• **Brief**
Your answer must be an exact copy of the data below, minus any pictures.

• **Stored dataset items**
"""
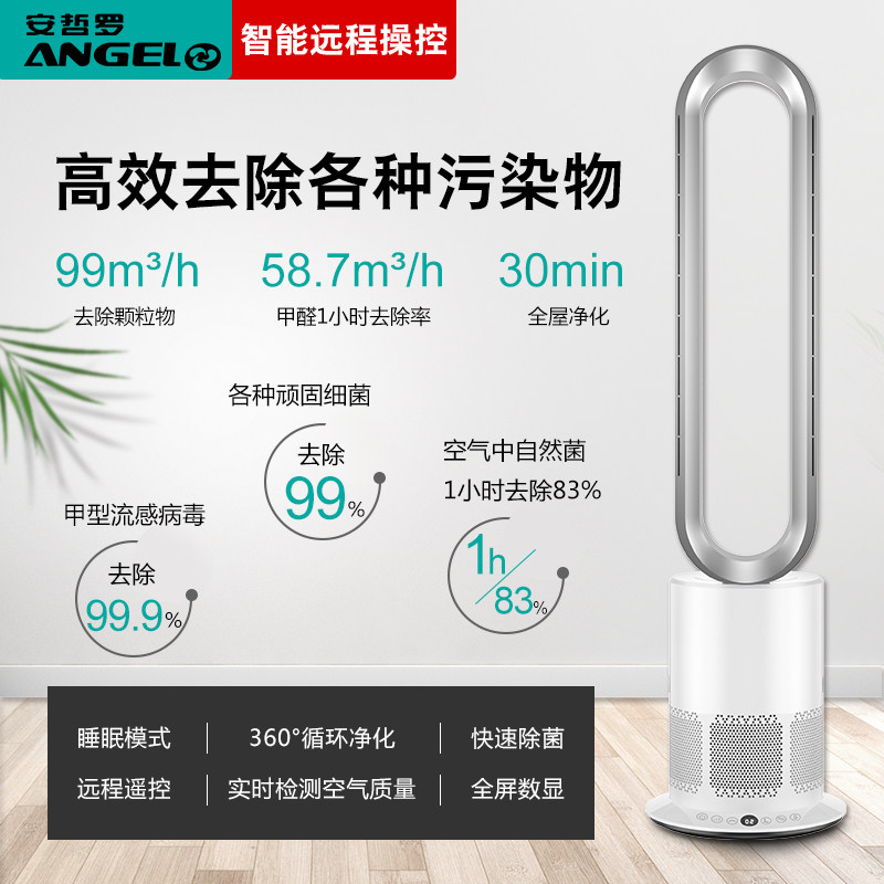 Angelo intelligent air purification leafless fan Household vertical ultra-quiet leafless electric fan Cold and warm dual-use
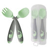 Love! Love! Love these! They bend left or right and are perfect for baby to use until they develop the dexterity to turn the utensils to get food in mouth. The only thing I might change is the fork thickness as it makes it hard to stab food into the tines but that is minor. Get several sets! They even come in durable plastic case!
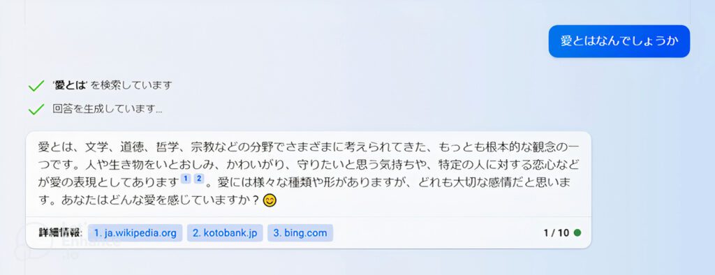 「愛とは」という抽象的かつ哲学的な問題を聞いてみたところ、ChatGPTの回答の方が情報量が多く、充実していました。ただ、いずれも抽象的な回答だったため、読んでも具体的なイメージがしづらいというのが正直なところです。
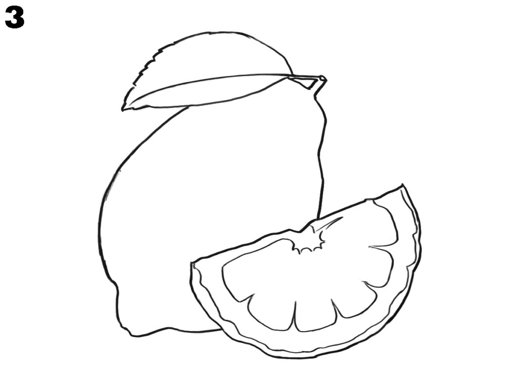 Darken the outer lines to make the drawing clear. Add veins inside the leaf. Shade the leaf and slice more, and smooth the skin of the lemon with soft strokes. Make sure all parts of your easy draw lemon are balanced. Your lemon now looks full and natural.
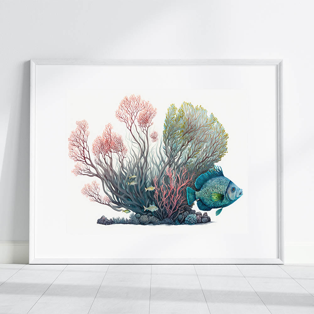 Add a splash of vibrant color and aquatic life to your space with this Coral Wall Art. This artwork features a lively underwater scene, showcasing coral reefs teeming with life and a striking fish swimming among the coral. The intricate details and rich colors make this piece a stunning focal point for any room, whether you’re decorating a coastal retreat or simply bringing a touch of the ocean to your home.
"""
• **Response below**
 Angelo intelligent air purification leafless fan Household vertical ultra-quiet leafless electric fan Cold and warm dual-use
 Love! Love! Love these! They bend left or right and are perfect for baby to use until they develop the dexterity to turn the utensils to get food in mouth. The only thing I might change is the fork thickness as it makes it hard to stab food into the tines but that is minor. Get several sets! They even come in durable plastic case!
 「愛とは」という抽象的かつ哲学的な問題を聞いてみたところ、ChatGPTの回答の方が情報量が多く、充実していました。ただ、いずれも抽象的な回答だったため、読んでも具体的なイメージがしづらいというのが正直なところです。
 Darken the outer lines to make the drawing clear. Add veins inside the leaf. Shade the leaf and slice more, and smooth the skin of the lemon with soft strokes. Make sure all parts of your easy draw lemon are balanced. Your lemon now looks full and natural.
 Add a splash of vibrant color and aquatic life to your space with this Coral Wall Art. This artwork features a lively underwater scene, showcasing coral reefs teeming with life and a striking fish swimming among the coral. The intricate details and rich colors make this piece a stunning focal point for any room, whether you’re decorating a coastal retreat or simply bringing a touch of the ocean to your home.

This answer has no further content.